1 and 2 show an embodiment of the first aspect of the present invention, in which FIG. 1 is a front view, FIG. 2 is an enlarged vertical sectional view of the flange portion and its surroundings, and FIGS. FIG. 6 shows an embodiment of the third aspect of the present invention, in which FIG. 3 is a longitudinal sectional view, FIG. 4 is an enlarged longitudinal sectional view of a part of the second mold,
Fig. 5 is a schematic plan view of the conveyance device, and Fig. 6 is the VI of Fig. 5.
-A cross-sectional view taken along the line -1111, Figure 7(a) is a front view showing the unprocessed bar, and Figure 7(b) shows the cold forged shaft after it has been forged by the first die. The front views shown in FIGS. 8 to 11 are for explaining a conventional cold-forged shaft, and FIG. 8 is a partially sectional front view showing a starter motor to which the cold-forged shaft is applied, and FIG. 11 through 11 are front views of a cold-forged shaft showing stepwise forging of the cold-forged shaft.
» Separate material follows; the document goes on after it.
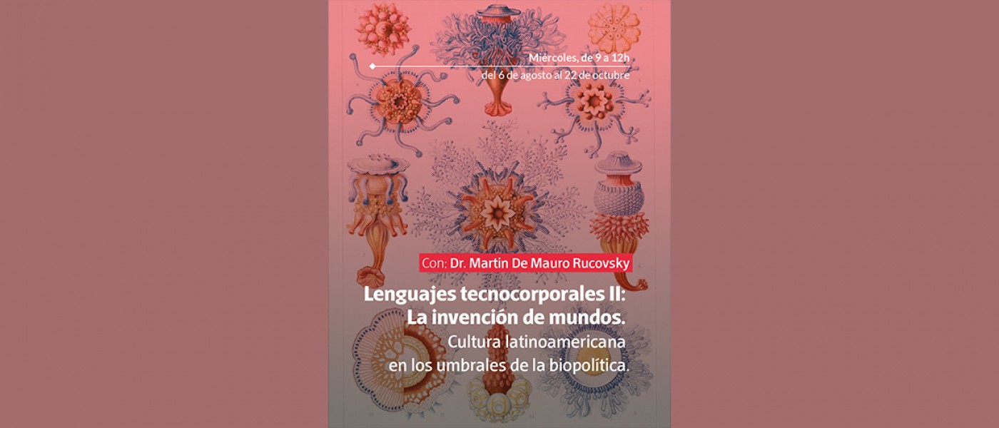 Lenguajes tecnocorporales II: La invención de mundos. Cultura latinoamericana en los umbrales de la biopolítica. Con Dr. Martin De Mauro Rucovsky. El presente seminario aspira a situar algunas conversaciones a partir del diálogo entre materiales filosóficos y teóricos e intervenciones estéticas y culturales en América Latina que giran en torno a la porosidad que atraviesa oposiciones fundacionales de las humanidades y del modernismo desarrollista (trabajo/pobreza, naturaleza/cultura, vivo/inerte, etc). El objetivo principal es analizar el cruce del pensamiento biopolítico, las reflexiones recientes sobre precariedad y las discusiones en torno al antropoceno que atraviesan las tradiciones estéticas, los vocabularios activistas y las apuestas críticas. Una zona de indagación expansiva en torno a lo viviente y los mecanismos específicos de poder (biopolítica) que refiere a una vida, el ser vivo o el viviente y en cuyo centro magnético se descubre la importancia de una vida corporal allí, donde las condiciones para su sostenimiento no están dadas, o en la imposibilidad de garantizar la permanencia corporal en el tiempo (precariedad).

O...Cold forged shaft, 1...Shaft main body, 2...Gear (oddly shaped part), 3...Flange part, 4...Tapered part, 5... Small diameter part, 0...Cold forged shaft manufacturing device, 1...First mold, 2...Second mold, 3...Transfer device, 4.27... Sizing hole, 5.26... Teeth, 7a... Taper forming part, 1.32... Clamp, 3... Reversing mechanism.

Claims (3)

[Claims] (1) A cold-forged shaft with an irregularly shaped part at one end, a flange part is formed in the middle part in the length direction, and the diameter of the flange part gradually decreases at the base on the opposite side of the irregularly shaped part. A cold-forged shaft having an irregularly shaped portion at one end, characterized in that a tapered portion is formed. (2) A method for manufacturing a cold-forged shaft with an irregularly shaped portion at one end, the method comprising the following steps I, II, and III. Method. I. A process of forming an irregularly shaped part on one end of an unprocessed bar by extrusion processing. II. After step I above, a step of squeezing the side opposite to the irregularly shaped part by extrusion while the irregularly shaped part is restrained. III. After the above step II, a step of forming a flange portion in the intermediate portion by upsetting, and forming a tapered portion that gradually becomes smaller in diameter following the base of the flange portion. (3) A manufacturing device for a cold-forged shaft having an irregularly shaped portion at one end, comprising first and second molds arranged in a pair;
a conveying device that transfers the shaft between these molds, and the first mold has an opening in one of the molds toward the other mold, and has an outer shape of the cold-forged shaft. The second mold is provided with a sizing hole for restraining the cold-forged shaft, and teeth for forming an irregularly shaped part formed at the inner end of the sizing hole. Teeth are formed into which one end is inserted to adjust the shape of the irregularly shaped part formed on this cold forged shaft, and the other mold is opened toward the one mold, and the open end thereof is formed. 1. A manufacturing device for a cold forged shaft having an irregularly shaped portion at one end, the sizing hole having a tapered portion whose diameter gradually decreases from the portion to the inside.